Extracted data entries
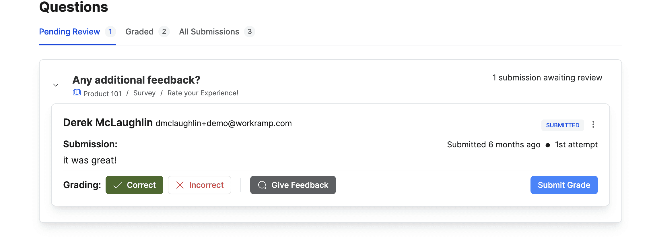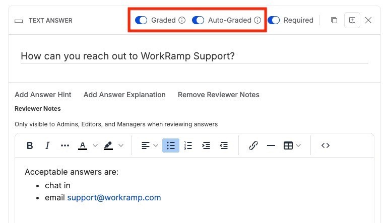 Manual grading on written questions is so yesterday. Now Admins can save time when they enable AI to auto-review any Graded text questions with Reviewer Notes.
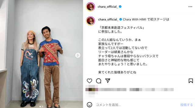 「口元そっくり」「カップルみたい」Chara、息子との笑顔弾ける2ショットが「親子に見えない」と話題に ピンズバNEWS編集部 2025.9.13 アーティスト エンタメ (2/2ページ) 1ページ目から読む ■【画像】「口元そっくり」「カップルみたい」Chara、息子との笑顔弾ける2ショット 《カップルみたい》《親子には見えません》という声があがったCharaの親子スナップ。おしゃれな世界感で魅了した二人が今度はどんなコラボを見せてくれるのかとても楽しみだ。 ※画像はCharaのインスタグラムより、以下同 この投稿をInstagramで見る Chara(@chara_official_)がシェアした投稿 この画像の記事を読む 1 2
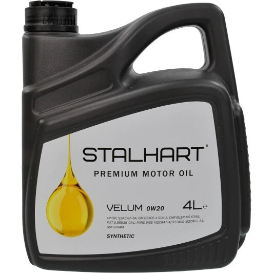 STALHART VELUM 0W-20 – це повністю синтетична моторна олива з енергоощадними властивостями, розроблена спеціально для бензинових двигунів сучасних легкових автомобілів. Сумісна з моторами, яким потрібна специфікація GM dexos1 Gen 2.
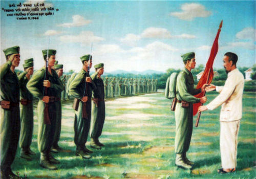 Ở bức ảnh thứ nhất, sau lời phát biểu của Chủ tịch Quân ủy hội Võ Nguyên Giáp và lời tuyên thệ trang nghiêm của các học viên trước quân kỳ, Chủ tịch Hồ Chí Minh đã trao lá cờ thiêng liêng sáu chữ vàng “Trung với nước, hiếu với dân” do Phụ nữ Cứu quốc thành Hoàng Diệu thêu lá cờ cho học viên Bùi Minh Trân - người Sa Đéc.
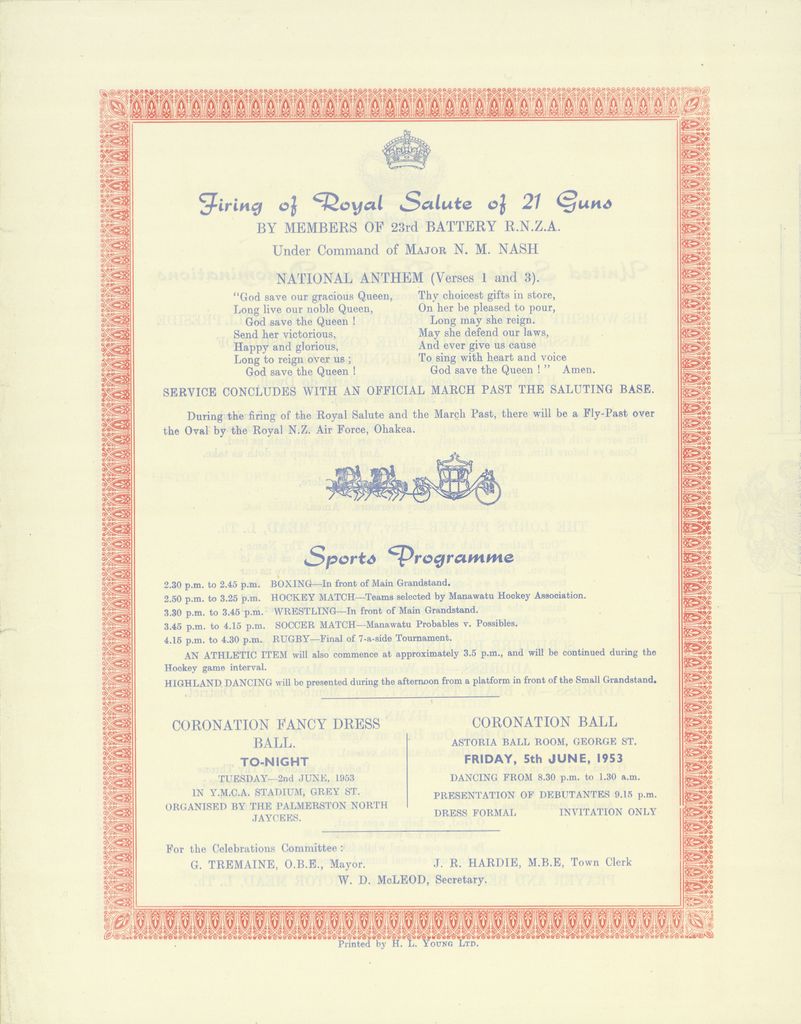 A procession walked to the Palmerston North Showgrounds, where a religous service was held, followed by a 21 gun salute and sports programme, on 2 June 1953. Later that night a Coronation Fancy Dress Ball was held, and a formal Coronation Ball later in the week. The events were organised by the Palmerston North City Council to celebrate the Coronation of Queen Elizabeth II.
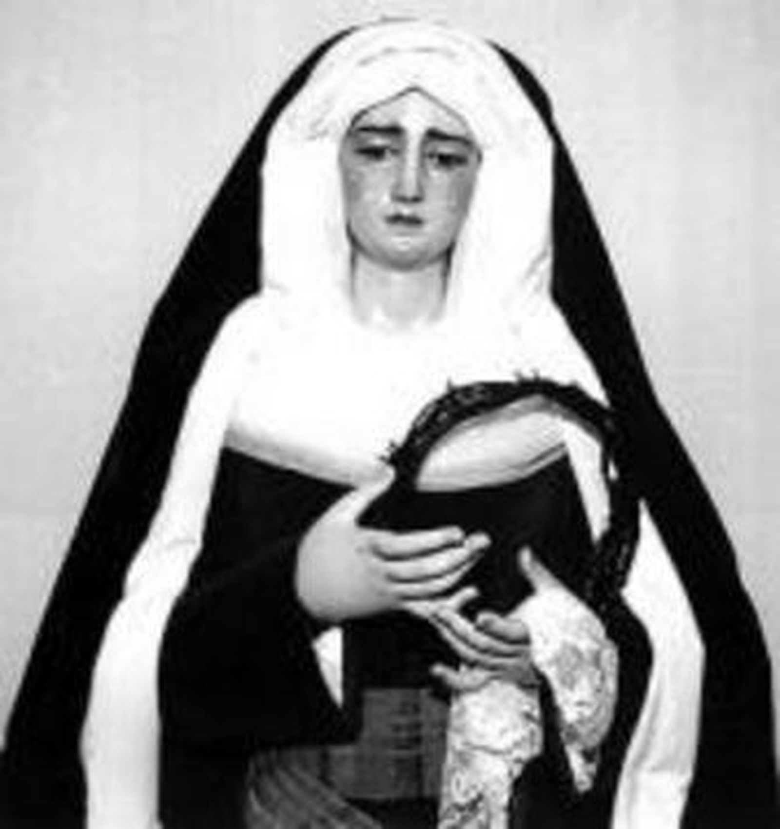 Una de las grandes pérdidas aconteció recién instaurada la Segunda República. Los antiguos titulares de la Hiniesta quedaron reducidos a cenizas tras el incendio de San Julián el 8 de abril de 1932. Aquel día se perdía para siempre la primitiva Hiniesta Gloriosa, la Dolorosa de la corporación y el Cristo de la Buena Muerte, atribuidos a Martínez Montañés y Felipe de Ribas, respectivamente. Según la crónica del periodista coetáneo Luis J. Pedregal, para la ejecución de las nuevas tallas se convocó un concurso, del que salió ganador Antonio Castillo Lastrucci. Poco se sabe de las técnicas que empleó el ya por entonces conocido imaginero para reproducir la Dolorosa perdida. Por contra, según confirma José Roda Peña, profesor titular de Historia del Arte en la Universidad de Sevilla, cuando por segunda vez la hermandad pierde sus imágenes en el incendio de San Marcos en 1936 es el propio Castillo el que utiliza "la técnica de saca de puntos con el molde original que había guardado" para reproducir la imagen que talló en 1933 y que se había consumido entre llamas. Por tanto, ya en plena República, Castillo Lastrucci -ante la tensión social reinante- es consciente de la necesidad de crear un vaciado que facilite la reproducción del icono.
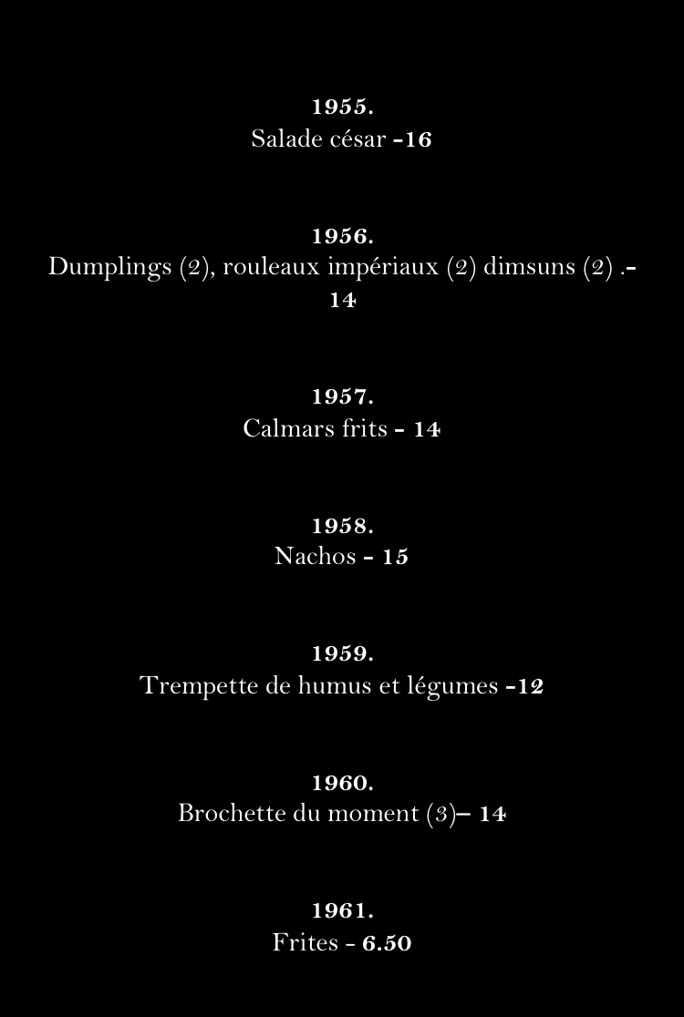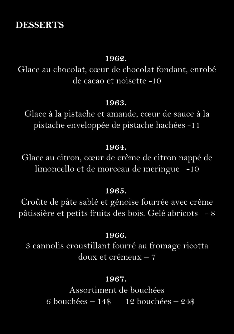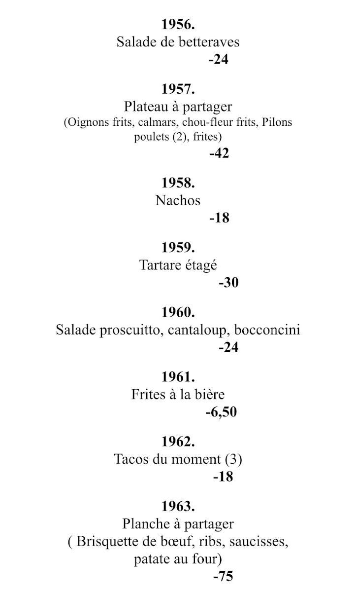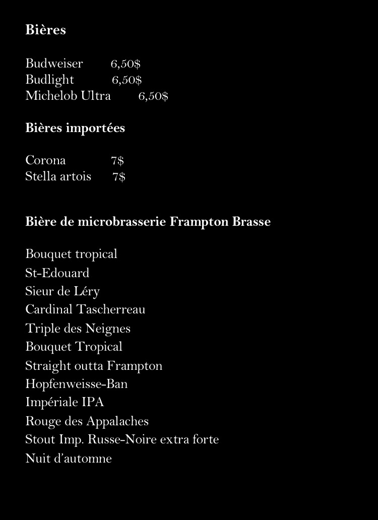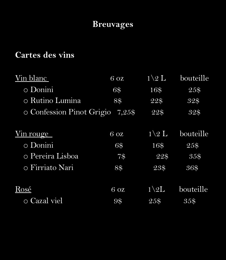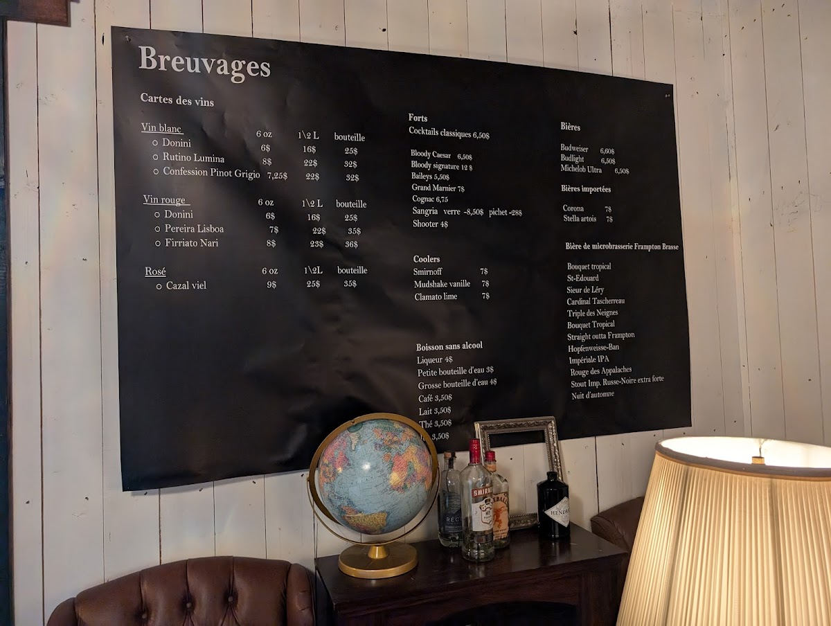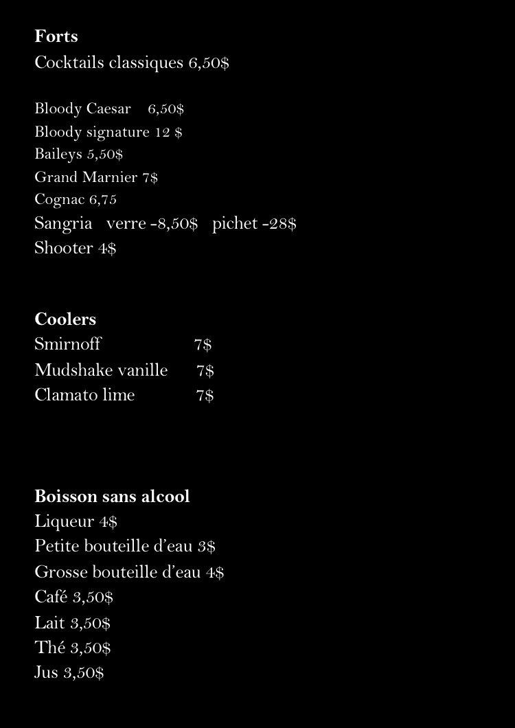 From a reviewer’s perspective, the menu at Restaurant La Vieille Tablée Vintage 1950 offers a concise but enjoyable selection of beverages that nicely complements the restaurant’s vintage atmosphere. The stronger drink options include Baileys, Grand Marnier, Cognac, Sangria, and Shooter, providing a good range for guests who prefer classic spirits and after-dinner drinks. For something more refreshing, the cooler selection such as Smirnoff, Mudshake Vanille, and Clamato Lime adds a lighter, more casual touch to the menu. Non-alcoholic options are also available, including Café, Jus, Liqueur, Petite Bouteille D'eau, and Grosse Bouteille D'eau, ensuring that all guests have suitable choices. Overall, while the menu is not overly extensive, the drink names reflect a balanced selection that fits well with the restaurant’s nostalgic theme and provides enough variety to satisfy different tastes.

Exercise description
"A procession walked" marks the last line to keep. Retype every line from the start of the entries through that one, exactly, and drop the pictures.

Reply to the exercise
 Manual grading on written questions is so yesterday. Now Admins can save time when they enable AI to auto-review any Graded text questions with Reviewer Notes.
 「口元そっくり」「カップルみたい」Chara、息子との笑顔弾ける2ショットが「親子に見えない」と話題に ピンズバNEWS編集部 2025.9.13 アーティスト エンタメ (2/2ページ) 1ページ目から読む ■【画像】「口元そっくり」「カップルみたい」Chara、息子との笑顔弾ける2ショット 《カップルみたい》《親子には見えません》という声があがったCharaの親子スナップ。おしゃれな世界感で魅了した二人が今度はどんなコラボを見せてくれるのかとても楽しみだ。 ※画像はCharaのインスタグラムより、以下同 この投稿をInstagramで見る Chara(@chara_official_)がシェアした投稿 この画像の記事を読む 1 2
 STALHART VELUM 0W-20 – це повністю синтетична моторна олива з енергоощадними властивостями, розроблена спеціально для бензинових двигунів сучасних легкових автомобілів. Сумісна з моторами, яким потрібна специфікація GM dexos1 Gen 2.
 Ở bức ảnh thứ nhất, sau lời phát biểu của Chủ tịch Quân ủy hội Võ Nguyên Giáp và lời tuyên thệ trang nghiêm của các học viên trước quân kỳ, Chủ tịch Hồ Chí Minh đã trao lá cờ thiêng liêng sáu chữ vàng “Trung với nước, hiếu với dân” do Phụ nữ Cứu quốc thành Hoàng Diệu thêu lá cờ cho học viên Bùi Minh Trân - người Sa Đéc.
 A procession walked to the Palmerston North Showgrounds, where a religous service was held, followed by a 21 gun salute and sports programme, on 2 June 1953. Later that night a Coronation Fancy Dress Ball was held, and a formal Coronation Ball later in the week. The events were organised by the Palmerston North City Council to celebrate the Coronation of Queen Elizabeth II.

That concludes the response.